Counting the number of homorphisms

[seshikanth]

Homework Statement

Hi,
I am trying to solve the following question:
count the number of homomorphism between Z/mZ and Z/nZ?
Can you tell me is my solution correct?

Homework Equations

The Attempt at a Solution

Let f be a homorphism.
f(mZ + a) = nZ + b ; a,b belong to G
Now, o(nZ+b) | n (from lagrangian theorem)
o(f(mZ+a)) = o(nZ+b); and o(f(mZ+a)) | o(mZ+a) which implies o(nZ+b) | m
Number of possiblities for o(nZ+b) = Number of common factors for m and n = Eulers Quotient for gcd(m,n)

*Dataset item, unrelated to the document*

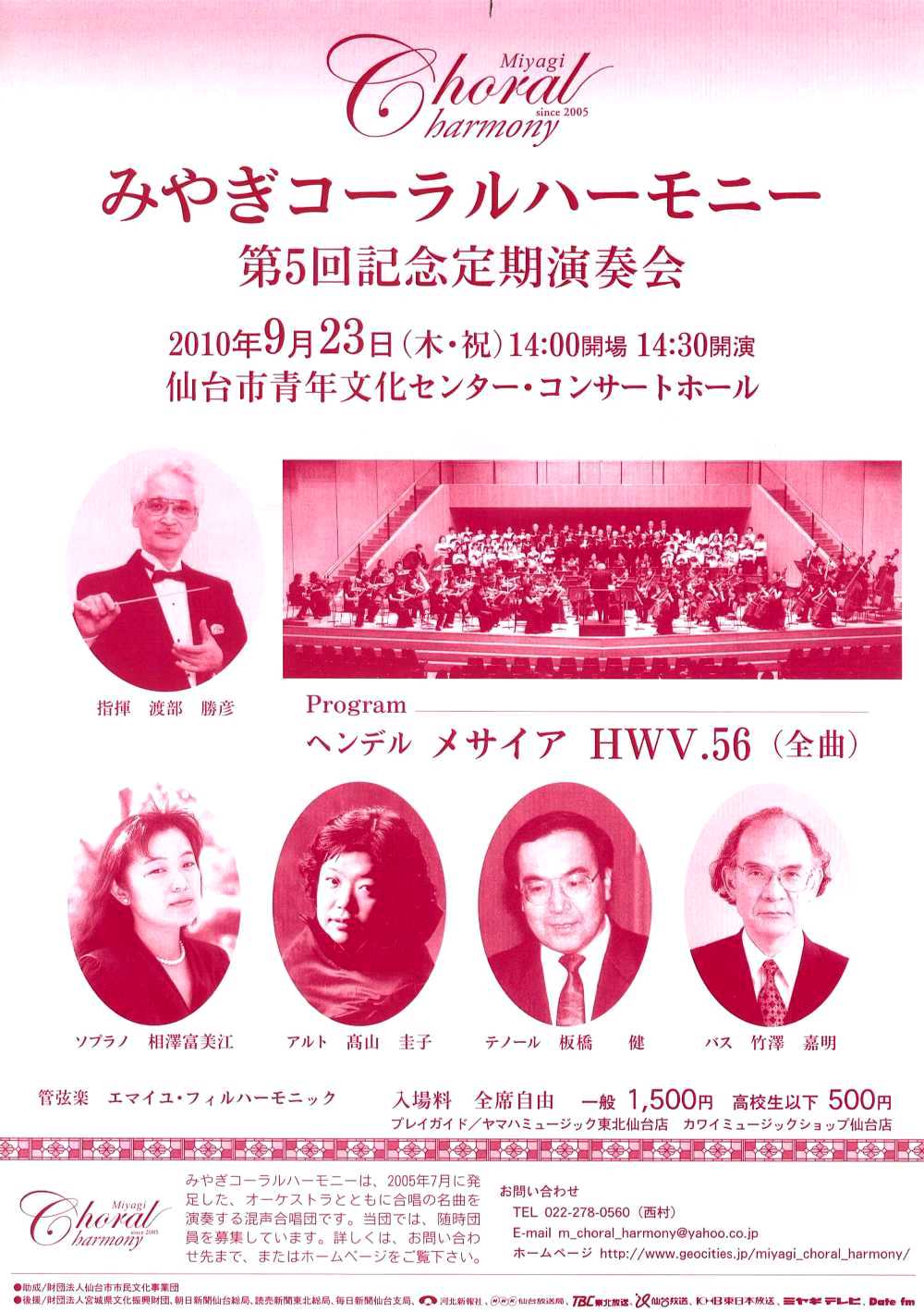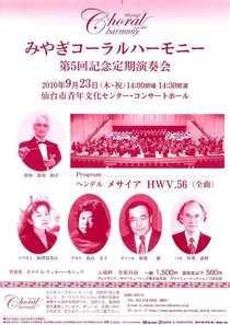 2005年7月に発足した「みやぎコーラルハーモニー」は、レクイエム、ミサ曲、オラトリオ等の合唱の名曲を、オーケストラとともに演奏する混声合唱団です。今回は、オーケストラ(エマイユ・フィルハーモニック)、ソリスト(ソプラノ:相澤富美江 アルト:高山圭子 テノール:板橋健 バリトン:竹澤嘉明)を招き、ヘンデルのオラトリオ「メサイア」全曲を演奏します。

Can you tell me if the approach correct? Because when i check the answers of the exercise question it is gcd(m,n) but here i am getting Euler's Qutient for gcd(m.n) = $$\varphi(gcd(m,n))$$

Thanks,

 

[lippyka]

Yes, your approach is correct. The number of homomorphisms between Z/mZ and Z/nZ is equal to the Euler's Quotient for gcd(m,n). This is because the homomorphism must map mZ to some subgroup of nZ, and the order of such a subgroup must divide both m and n. Thus, by the Lagrange's theorem, it must divide the greatest common divisor of m and n, which is gcd(m,n). Therefore, the number of homomorphisms is equal to the number of subgroups of nZ that have order gcd(m,n). This number is given by the Euler's Quotient for gcd(m,n), or \varphi(gcd(m,n)).